** DATA TO PROCESS **
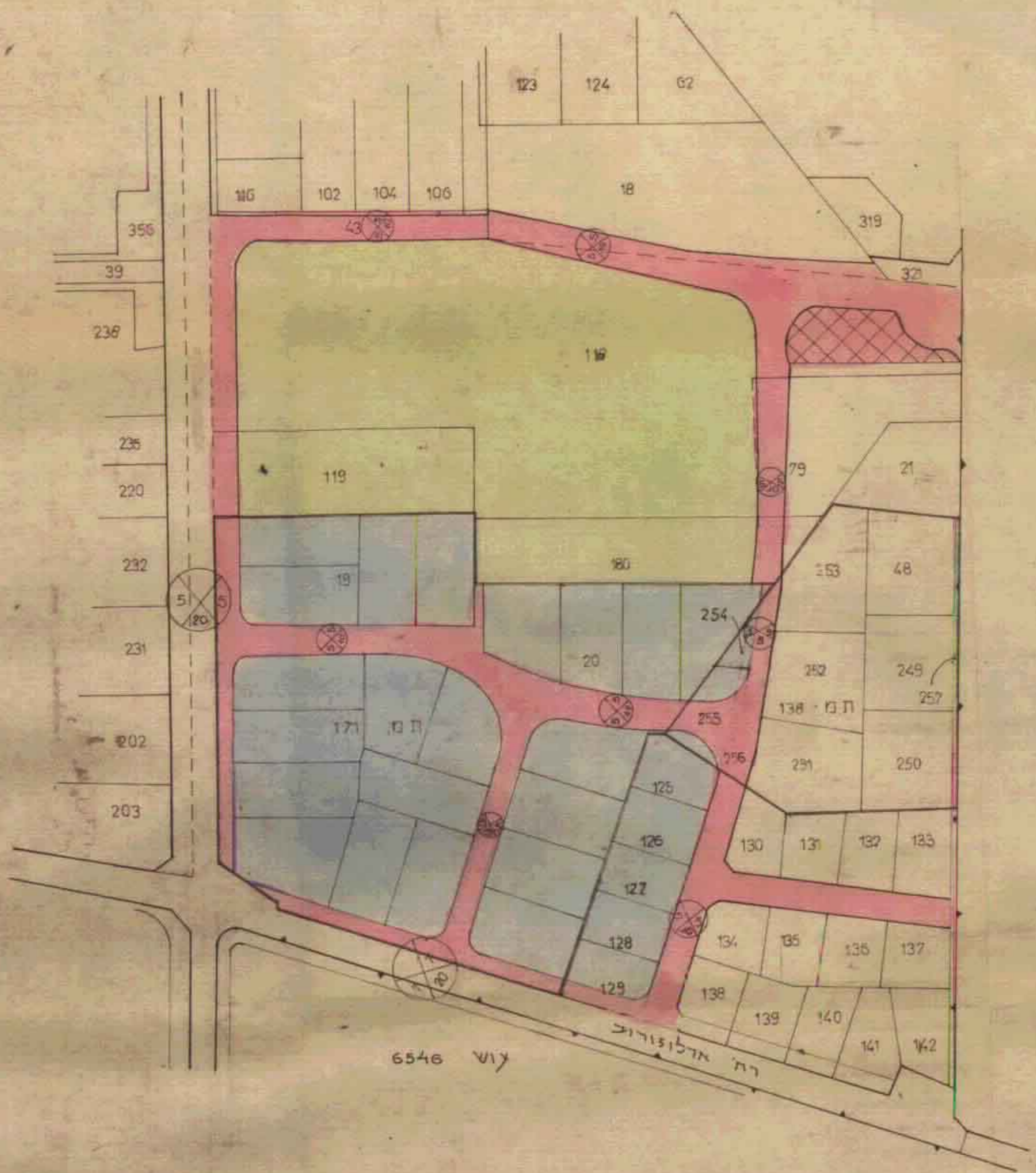
מצב לפי תכנית מתאר א' 253 ק.נ.מ 1:250
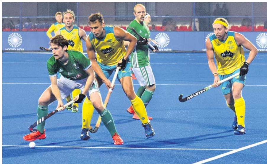
କଳିଙ୍ଗ ଷ୍ଟାଡ଼ିୟମରେ ଶୁକ୍ରବାର ଅଷ୍ଟ୍ରେଲିଆ ଓ ଆୟର୍ଲ୍ୟାଣ୍ଡ ମଧ୍ୟରେ ଅନୁଷ୍ଠିତ ହକି ବିଶ୍ୱକପ ମ୍ୟାଚର ଏକ ସଂଘର୍ଷପୂର୍ଣ୍ଣ ପୃଷ୍ଠା

ବରିଷ୍ଠ ନେତା ଦିଲୀପ ରାୟ ଏବଂ ବିଜୟ ମହାପାତ୍ର ଶୁକ୍ରବାର ଭାଜପାରୁ ଇସ୍ତଫା ଦେଇଛନ୍ତି । ଦୁଇ ନେତା ମିଳିତଭାବେ ଏ ସମ୍ପର୍କିତ ଏକ ଚିଠି ଭାଜପା ରାଷ୍ଟ୍ରୀୟ ଅଧ୍ୟକ୍ଷ ଅମିତ୍
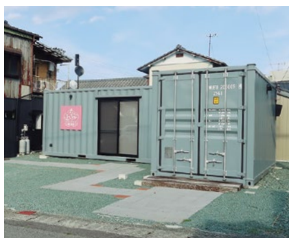
▲チャレンジャー求む

答 現在起業までにはつながっていないが、各種のイベントに参加している。コンテナハウスはキャパの問題があり今利用されていない。店舗の区画は数件問い合わせがある。
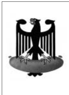
Plakate: Klaus Staeck

Wie wirken diese Plakate (die 1995 und 1989 entstanden sind) auf Sie?
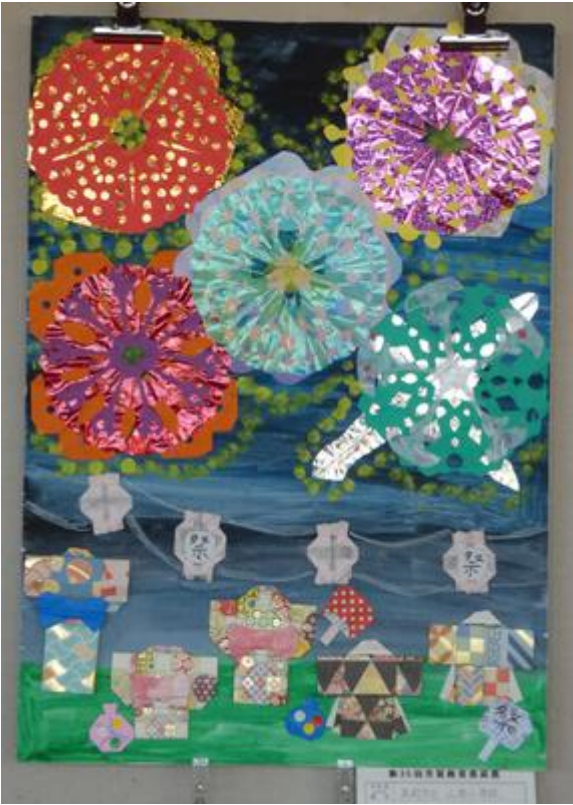
↓ 4学年児「遮光器土偶」
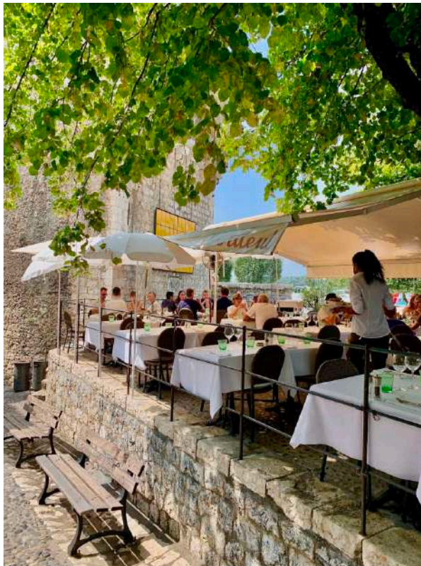
サン・ポール・ド・ヴァンスのレストラン「Le Tilleul」

9:30 a.m. 美味しい朝食の後、フランスの田園地帯をドライブし、中世の村、サン・ポール・ド・ヴァンスへ。1:00 p.m. レストラン "Le Tilleul" でのおいしい昼食の後、見所を巡るガイド付きウォーキングツアーをお楽しみください。Grand-Hôtel du Cap-Ferrat - A Four Seasons Hotelに戻った後は自由行動となります
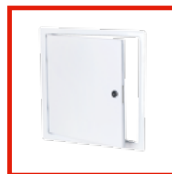
WEISS, MIT ZYLINDERSCHLOSS System B3
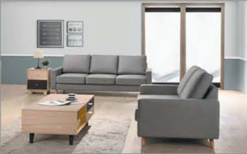
Sofa + Loveseat $495 2 Pc. Set
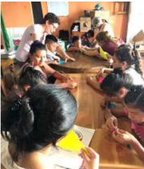
Atelier avec les enfants

Nous sommes maintenant prêts à repartir. Nous vous invitons.
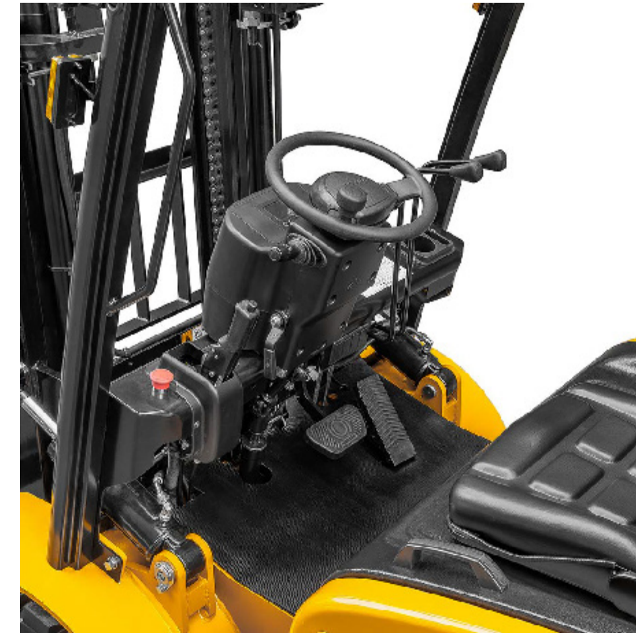
KONFORLU KULLANIM ALANI
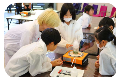
昨年の実験のようす
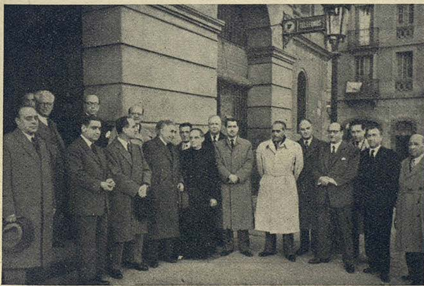
Personalidades asistentes a la inauguración del locutorio de teléfonos instalado en la Tenencia de Alcaldía del Distrito X

Fué instalado otro locutorio por la Compañía Nacional de Teléfonos de España en una de las dependencias de la Tenencia de Alcaldía del Distrito X, antigua Casa Consistorial de la ex villa de San Martín de Proven-
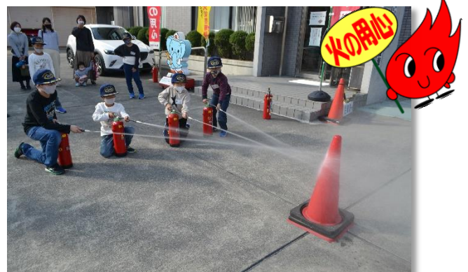
水消火器による消火体験
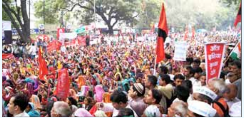
முப்போகமும் விளையக்கூடிய செழிப்பான விளைநிலங்களை கார்ப்பரேட் நிறுவனங்களுக்குப் பிடுங்கிக் கொடுக்கும் நோக்கோடு மோடி அரசு கொண்டுவந்திருக்கும் நிலம் கையகப்படுத்தும் அவசரச் சட்டத்தை எதிர்த்து விவசாயிகளும் எதிர்க்கட்சிகளும் இணைந்து டெல்லியில் நடத்திய ஆர்ப்பாட்டம்.

இவர்களின் சேவைக்காக, விவசாயப் பல்கலைக்கழகங்கள், விவசாய ஆராய்ச்சிக்கான இந்திய கவுன்சில் (ICAR), வேளாண் அமைச்சகங்கள், வேளாண் விரிவாக்க அலுவலகங்கள், பல்துறை வல்லுனர் குழுக்கள் ஆகியவை பணிக்கப்பட்டுள்ளன. இவையனைத்தையும் இயக்க பன்னாட்டு மற்றும் தரகு அதிகார வர்க்க முதலாளித்துவக் கம்பெனிகளின் தலைமை நிர்வாகிகள், அரசு அதிகாரிகள், வல்லுனர்கள், அமெரிக்க - பன்னாட்டு வேளாண் உணவுக் கழக நிறுவனத் தலைவர்கள் கொண்ட உயர் மட்ட குழு அமைக்கப்பட்டுள்ளது. இவ்வாறு ஒவ்வொரு துறையிலும் இந்த முறையில் அரசின் பல்வேறு நிறுவனங்கள், அவர்களின் நோக்கங்கள், திட்டங்கள், பணிகள் ஆகியவை மாற்றியமைக்கப்பட்டுள்ளன.
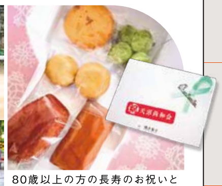
80歳以上の方の長寿のお祝いと高齢者名簿の作成
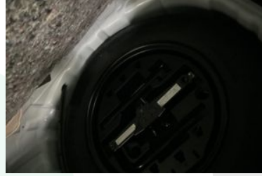
STEPNE VEYA TAMİR KİTİ
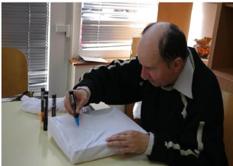
Razumijevanje i vrednovanje različitosti: međunarodna radionica inkluzivnog dizajna Extra/Ordinary Design

Odgojeni smo i živimo u kulturološkom kontekstu koji osobe drugačije od prosjeka vrednuje prvenstveno prema tom negativnom odmaku od prosjeka, odnosno prema invaliditetu, poteškoćama i nemogućnostima, a zanemaruje da ista osoba istovremeno ima i neke druge potencijale, talente i vještine. Meni osobno najdraži primjer koji to demonstrira je projekt Goodwill , koji je dokazao kako osobe s intelektualnim poteškoćama itekako mogu biti konkurentne na tržištu rada jer ponavljajuće aktivnosti izvode s daleko većom preciznošću od prosječnih osoba.
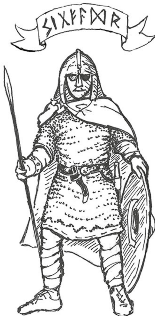
Figura 14 - Sigfadhír.
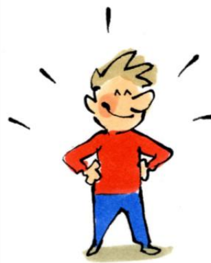
La confiance en soi
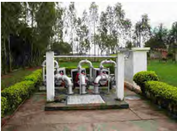
Villela下水処理場 汚水ポンプ

** EXERCISE DETAILS **
Set down, exactly as written above, each line from the one with "サン・ポール・ド・ヴァンスのレストラン「Le Tilleul」" through the one with "முப்போகமும் விளையக்கூடிய செழிப்பான", and skip the pictures.

** REPLY **
サン・ポール・ド・ヴァンスのレストラン「Le Tilleul」

9:30 a.m. 美味しい朝食の後、フランスの田園地帯をドライブし、中世の村、サン・ポール・ド・ヴァンスへ。1:00 p.m. レストラン "Le Tilleul" でのおいしい昼食の後、見所を巡るガイド付きウォーキングツアーをお楽しみください。Grand-Hôtel du Cap-Ferrat - A Four Seasons Hotelに戻った後は自由行動となります
WEISS, MIT ZYLINDERSCHLOSS System B3
Sofa + Loveseat $495 2 Pc. Set
Atelier avec les enfants

Nous sommes maintenant prêts à repartir. Nous vous invitons.
KONFORLU KULLANIM ALANI
昨年の実験のようす
Personalidades asistentes a la inauguración del locutorio de teléfonos instalado en la Tenencia de Alcaldía del Distrito X

Fué instalado otro locutorio por la Compañía Nacional de Teléfonos de España en una de las dependencias de la Tenencia de Alcaldía del Distrito X, antigua Casa Consistorial de la ex villa de San Martín de Proven-
水消火器による消火体験
முப்போகமும் விளையக்கூடிய செழிப்பான விளைநிலங்களை கார்ப்பரேட் நிறுவனங்களுக்குப் பிடுங்கிக் கொடுக்கும் நோக்கோடு மோடி அரசு கொண்டுவந்திருக்கும் நிலம் கையகப்படுத்தும் அவசரச் சட்டத்தை எதிர்த்து விவசாயிகளும் எதிர்க்கட்சிகளும் இணைந்து டெல்லியில் நடத்திய ஆர்ப்பாட்டம்.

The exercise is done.